Ces quelques lignes peuvent faire tout autant que le plaidoyer d'Adonis contre "l'institutionalisation de l'islam" !

 

mardi, 29 septembre 2009

Blogue ou ne blogue plus ! Scanne ou ne scanne point !

Faudrait-il ne plus aller en mer ?

Trois notes en ce septembre. C'est un mois amorphe.

 

Tant de petits événements dont les longs moments de rêveries — "rêvasseries", devrais-je écrire — marines, m'éloignent !

 

Ces sites et ces blogues qui ferment, cet entremêlement entre la Très Grande Bibliothèque, ses ancien (gaullien) et nouveau (chiraquien) présidents, LE nouveau ministre — un ministre ou un papillon ? — et Goggle ! La presse s'en fait régulièrement l'écho et le site de l'homme qui est une aiguille, oh combien précieuse !, dans la botte de foin creuse les interrogations jusqu'à provoquer un commentaire du président en exercice de la BNF.

 

Je m'en fus naguère visiter ZazieWeb : ça remonte à janvier 2001. J'aimais bien.
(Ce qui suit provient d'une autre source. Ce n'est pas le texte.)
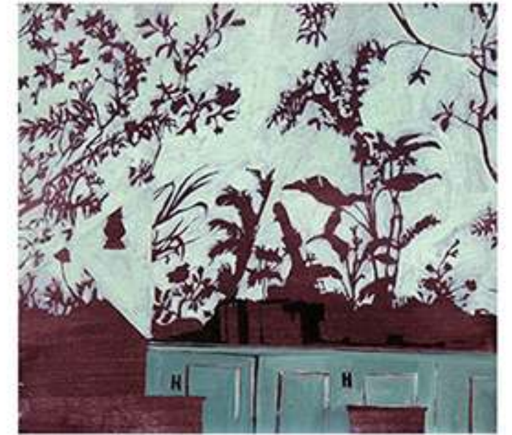
ELEANOR WATSON Highly Commended 2014 Telltale, 2014 oil on board 8.7 x 9.8 in.

Dans l'émoustillement de la nouveauté, j'ai même commis une ou deux notes.

 

Puis, j'ai migré vers remue.net, quand FB, seul tenait rubriques sur Toile ; j'ai espacé mes visites quand le site s'est "collectivisé" — Oh ! le vilain mot —, mais il est vrai que j'ai ressenti ce passage comme une dépersonnalisation.

Le site devenait sérieux et littéraire en diable ! Il passait des marges au bon vrai réseau "Lettré".

 

Et je suis prosaïquement revenu aux papiers du Monde des Livres, à LibéLivres, de temps à autre au Magazine littéraire selon les dossiers et les thèmes, aux rayons de la Fnac — pour consulter, jamais pour acheter — et à mon Libraire de la Fosse.

 

Demain, j'y vas !

lundi, 31 août 2009

à chacun sa rentrée littéraire

Il y en aurait 659 ! Je ne sais si j'en lirai un.

Toujours ce fichu plaisir d'être dans les contres. Et dans ce qui serait plutôt à côté des romans.

Je suis allé chercher sur la sixième étagère un bouquin de Francis Jeanson qui s'en est allé ce premier d'août.

 

Je n'aimais guère son penchant sartrien et ses agissements de "porteur de valises" avaient choqué mon immaturité citoyenne ; je lui en avais voulu d'éreinter Camus.

Mais il avait animé la collection Écrivains de toujours, en avait commis le n°3, le Montaigne par lui-même. Ça suffisait déjà à me rabibocher avec sa pensée.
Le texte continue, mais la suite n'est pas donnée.